# How many euros....



## Eddie1875 (May 29, 2013)

can i legally take out of Spain.


----------



## el pescador (Mar 14, 2013)

10k i think but i would insist on getting a receipt from where you get the money so you have valid proof of where it came from.


----------



## Alcalaina (Aug 6, 2010)

€10k is the maximum you can take without having to declare it. You can take more if you declare it to Customs and have all the paperwork.

Cash controls - European commission

EDIT: sorry, this link is for if you are coming from outside the EU. I think the same applies though.


----------



## Eddie1875 (May 29, 2013)

Thanks guys,i was told it was only 6000,how sure are you that its 10,000?


----------



## StewartL (Sep 5, 2013)

The Spanish National Law for Cash Control is "Order EHA/1439/2006 of the Ministry of Economy and Treasury, which entered into force in February 2007, establishes the obligation to declare (i) cash movements of €10,000 of more when entering or leaving Spain in accordance with the EU Control of Cash Regulation, and (ii) cash movements of €100,000 or more within the Spanish territory. "

Monitoring of Cash Movements - International Law Office


----------



## Horlics (Sep 27, 2011)

As much as you like as long as it isn't stolen. 



Eddie1875 said:


> can i legally take out of Spain.


----------



## Eddie1875 (May 29, 2013)

Horlics said:


> As much as you like as long as it isn't stolen.


Haha horlics,it's not stolen,i have a spare 30,000 that i want to move to uk,my bank here BBVA keep moving it and then when i try to access it it takes them ages to find it,even told me once that my account was empty, then i found out that they can move money to high interest accounts if it's just lying there.


----------



## extranjero (Nov 16, 2012)

Oh to have a SPARE 30,000 euros!


----------



## liverpool_expat (Jul 11, 2014)

You can take whatever you want. 10k is the maximum without having to declare. Hope it helps.


----------



## Horlics (Sep 27, 2011)

Heck, I wish my bank had done that. Or mobile companies switching you to the most appropriate tariff. That would be good customer service. Now there's a concept!



Eddie1875 said:


> Haha horlics,it's not stolen,i have a spare 30,000 that i want to move to uk,my bank here BBVA keep moving it and then when i try to access it it takes them ages to find it,even told me once that my account was empty, then i found out that they can move money to high interest accounts if it's just lying there.


----------



## Horlics (Sep 27, 2011)

Are we talking about walking through border control while carrying cash, or transferring electronically?

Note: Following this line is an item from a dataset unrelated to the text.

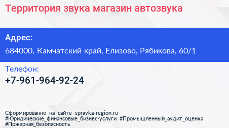 Территория звука, магазин автозвука по адресу 684000, Камчатский край, Елизово, Рябикова, 60/1 в дальнейшем Организация, размещена в следующих категориях:

If the latter, I recently moved a whole lot more than 10k from UK to Spain without any questions asked by the banking systems on either side.



liverpool_expat said:


> You can take whatever you want. 10k is the maximum without having to declare. Hope it helps.


----------



## StewartL (Sep 5, 2013)

The 10K limit prior to needed to make a declaration is for carrying cash through boarder control.

For electronic fund transfers bank to bank there is no actual limits.


----------